There are also a bunch of functions to retrieve information from the folder/foldercollection objects.

fo.bestfit()

Gives the bestfit or bestfits.

fo.names

Gives the names of the parameters in the chain. To get just the parameters, you can use fo.names[2:].

fo.mean([parnames,asdict])
fo.cov([parnames])
fo.std([asdict])

This gives the mean, covariance matrix, or standard deviation. The parnames is a list of parameter names (or a string of a single parameter). The asdict parameter allows you to retrieve the output as a dictionary with the parameter names and then the corresponding values.

fo.set_texname(parname, texname)

Used to set the tex name for a parameter given by parname as texname -- The latter should be render-able with latex.

fo.get_bounds()

This gives the ranges of the parameters as a dictionary. Similarly get_range(par) gives the range for a single parameter par.

fo.write(fname, [codetype])

The fname is writing the current folder object (after modifications) in the same format as the code codetype.

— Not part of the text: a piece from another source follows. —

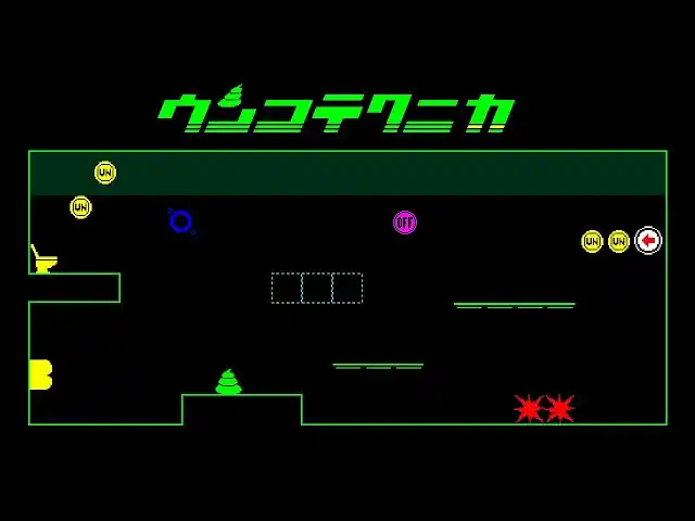 『ウンコテクニカ』は、ネオンに彩られた世界で、自動で突き進む「ウンコ」をゴールである便器へとジャンプで導く、高難易度2Dアクションです。 |

Getting samples returns an array of the samples, logfilethe arguments of the file containing the properties of the chain, similarly cosmoargs gives only the fixed arguments.

fo.to_class_dict()
fo.to_class_ini()

Can be used to turn the chain object into a python dictionary, or a .ini file to be used by class. The second is only possible if there's only one point in the chain left, such as using the fo.bestfit.to_class_ini().

fo.constraint([parnames])

This gives the constraints in a special notation, for each parameter in parnames (either string or list of strings). It gives [[lower, upper], type], where lower is the lower bound (or lower range), upper is the upper bound (or upper range), and type can be unconstrained if there is no constraint, > if there is only a lower bound, and < if there is only an upper bound, and +- if there is a lower and upper bound (i.e. sigma errors).

fo.texconstraint([parnames,withdollar,withname])

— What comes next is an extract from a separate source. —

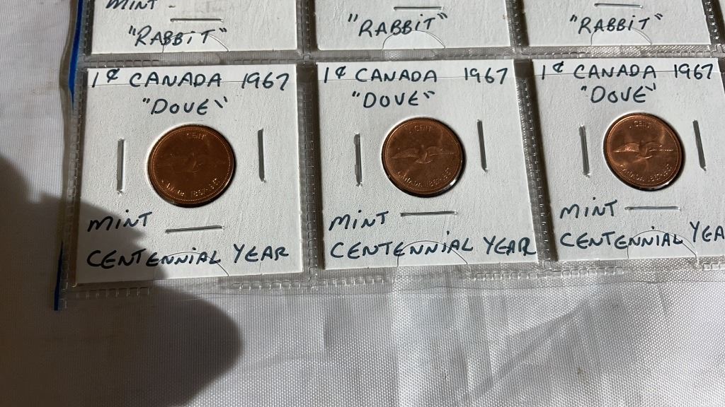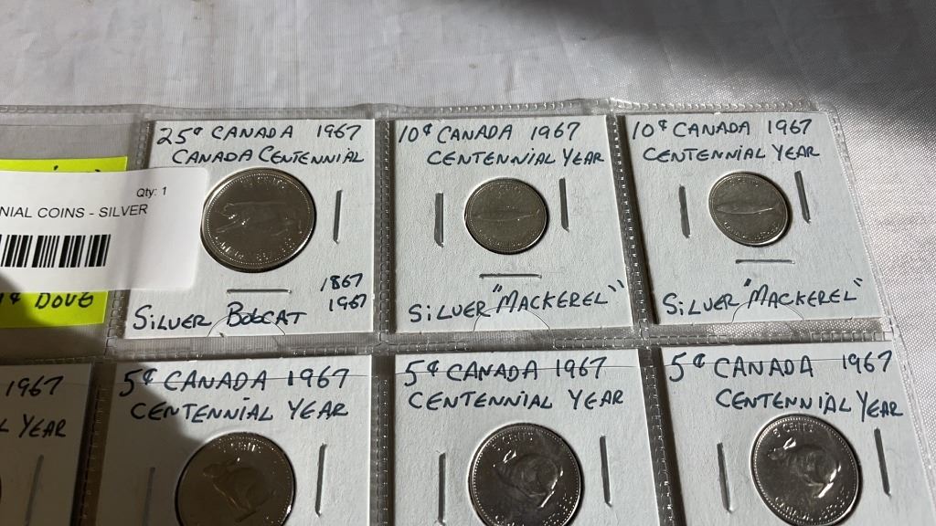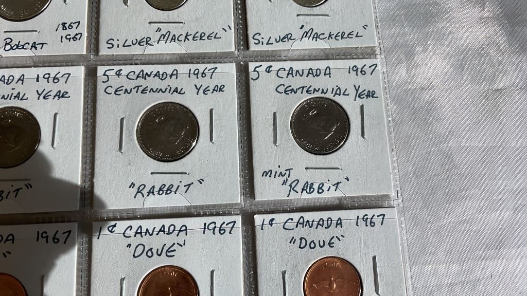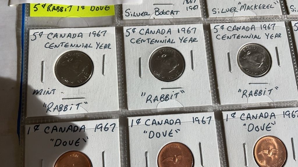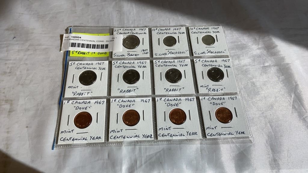 11 CANADIAN CENTENNIAL COINS - SILVER QUARTERS AND DIMES, PLUS RABBIT NICKEL AND DOVE PENNY

This gives the constraints for the parameters specified in paramnames (single string or list thereof) well formatted for inserting e.g. into a latex document. withdollar says whether a $ prefix/suffix should be included, and withname says whether the name should be included in the resulting string.

fo.gelman([parnames,subdivisions])

Gives the Gelman-Rubin criterion for the parameters specified by paramnames (single list or list thereof). subdivisions can be used to additionally subdivide the array.

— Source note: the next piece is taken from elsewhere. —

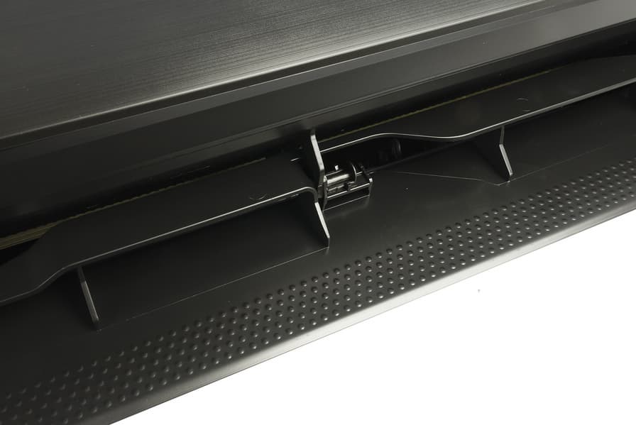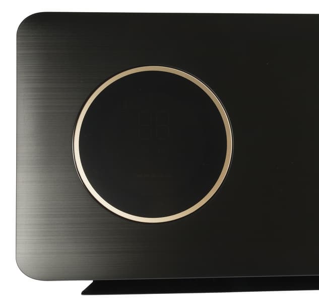 Корпус устройства сделан из черного пластика. Передняя панель украшена текстурным рисунком, в правом нижнем углу мы видим золотистый логотип производителя.

fo.max_gelman([subdivisions])

Gives the maximum Gelman-Rubin criterion for all possible parameter directions (which are specified by the eigenvalues of the covariance matrix). Can be subdivided with subdivisions, see gelman above.

Plotting

There is also a functions convert the folder or foldercollection objects using the getdist tool, and to plot it.

fo.to_getdist()

Converts the folder into a MCSamples object from getdist

fo.plot_getdist([ax, colors, alphas, add_point, show, contours, **kwargs])

This plots the object by first converting them to an MCSamples object , and the invoking the plot option. The alphas specifies the transparency as an alpha values for each contour. show invokes matplotlib.pyplot.show at the end of the function. The contours says how many contours should be drawn, either as an integer (number of sigma intervals) or as a list of percentages. Finally, kwargs is a list of additional keyword arguments that will generally be passed to the triangle_plot or rectangle_plot function of getdist, except for a few exceptions

• legend_labels are the labels that should be in the legend of the plot.
• analysis_settings are getdist analysis settings that are passed to the updateSettings function of getdist, see this link here.
• linestyle is a list of linestyles (or a single one) that should be applied to the lines (in the 1D posteriors)
• Similarly, line_args is a list of dictionaries of the arguments for each line for each folder that is plotted.
• If the option rectangle is included, it should be a dictionary containing x and y for the parameters to draw on the x-axis/y-axis, each one a list of parameter names, for example: fo.plot_getdist(rectangle={'x':['a','b'],'y':['c','d','e']}) The add_point adds a new point (as vertical/horizontal lines) to the plot, but can also be used to include contours for a given parameter. The two notations are add_point={'parname':[value, color]} or add_point={'parname':[mean, sigma, color]}.